Other important factors that may affect the Company’s future
operating results, include, but are not limited to: (i) the loss of existing distribution relationships or inability to access new
distribution relationships; (ii) a reduction in assets under the Company’s management on short notice; (iii) the adverse
ruling or resolution of any litigation, regulatory investigations and proceedings, or securities arbitrations by a federal or state court
or regulatory body; (iv) changes in the Company’s business model, operations and procedures, including the Company’s
methods of distributing its proprietary products, as a result of evolving fiduciary standards; (v) the introduction of legislative
or regulatory proposals or judicial rulings that change the independent contractor classification of the Company’s financial advisors
at the federal or state level for employment tax or other employee benefit purposes; (vi) a decline in the securities markets or
in the relative investment performance of the Company’s Funds and other investment portfolios and products as compared to competing
funds; (vii) the Company’s inability to reduce expenses rapidly enough to align with declines in its revenues due to various
factors, including fee pressure, the level of the Company’s assets under management or its business environment; (viii) non-compliance
with applicable laws or regulations and changes in current legal, regulatory, accounting, tax or compliance requirements or governmental
policies; (ix) the Company’s inability to attract and retain senior executive management and other key personnel to conduct
its wealth management and investment management business; (x) a failure in, or breach of, the Company’s operational or security
systems or its technology infrastructure, or those of third parties on which the Company relies; and (xi) the Company’s inability
to implement new information technology and systems, or its inability to complete such implementation in a timely or cost effective manner.
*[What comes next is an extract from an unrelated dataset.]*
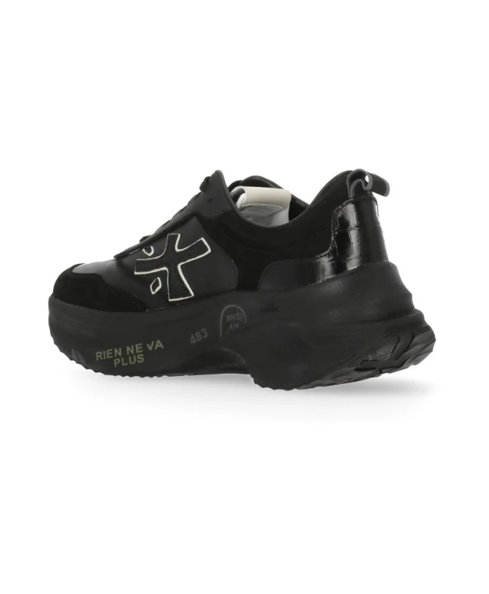 Кроссовки Premiata Hill сочетают в себе высококачественную кожу и техническую ткань с приподнятой резиновой подошвой, создавая современный повседневный образ. Дизайн дополняется едва заметными деталями логотипа и замшевыми накладками, придавая обуви изысканный повседневный вид. Ключевые особенности: Черный цвет | Кожа и техническая ткань | Приподнятая резиновая подошва для дополнительной высоты и амортизации | Шнуровка | Логотип на язычке | Контрастный логотип сбоку | Замшевые накладки | Приподнятая резиновая подошва с надписью | Размеры и посадка: Высота подошвы: 5 см | Соответствует размеру | Состав материала и уход: Кожа | Техническая ткань | Замша | Резина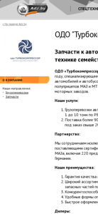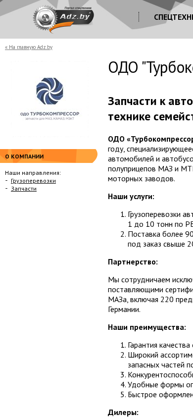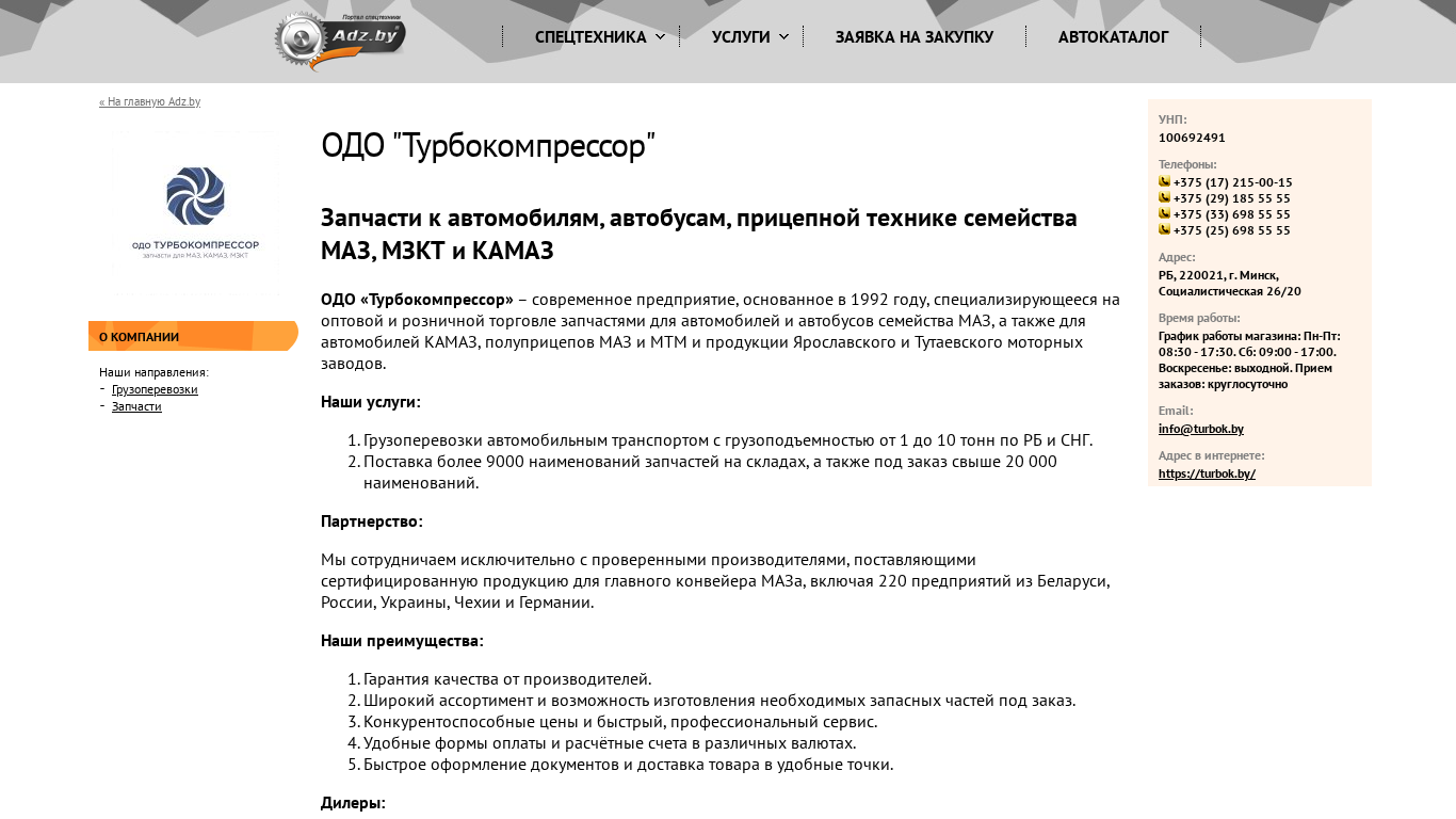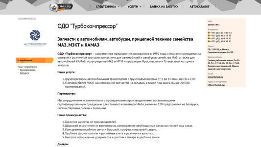 | AI-анализ | The portal ODO "Turbocompressor" is a Belarusian business-to-business and business-to-consumer e-commerce website specializing in the sale of spare parts for automobiles, buses, and towing vehicles of the MAZ, MZKT, and KAMAZ families, as well as cargo transportation services using vehicles with a capacity of up to 10 tons within Belarus and the CIS. The company was established in 1992 and offers a wide range of over 9000 available spare parts on its shelves, with the possibility of ordering over 20,000 additional items. The website collaborates exclusively with proven manufacturers, providing certified products from over 220 suppliers in Belarus, Russia, Ukraine, Czechia, and Germany. The advantages of the portal include quality guarantees from manufacturers, a wide range of |

The foregoing factors should not be construed as exhaustive and should
be read together with other cautionary statements included in this and other reports and filings the Company makes with the SEC, including
the information in Item 1 “Business” and Item 1A “Risk Factors” of Part I and Item 7 “Management’s
Discussion and Analysis of Financial Condition and Results of Operations” of Part II to the Company’s Annual Report on
Form 10 K for the year ended December 31, 2020. Any forward-looking statement made in this Current Report on Form 8-K speaks
only as of the date on which it is made. Factors or events that could cause actual results to differ may emerge from time to time, and
it is not possible for the Company to predict all of them. The Company undertakes no obligation to publicly update any forward-looking
statement, whether as a result of new information, future developments or otherwise, except as may be required by law.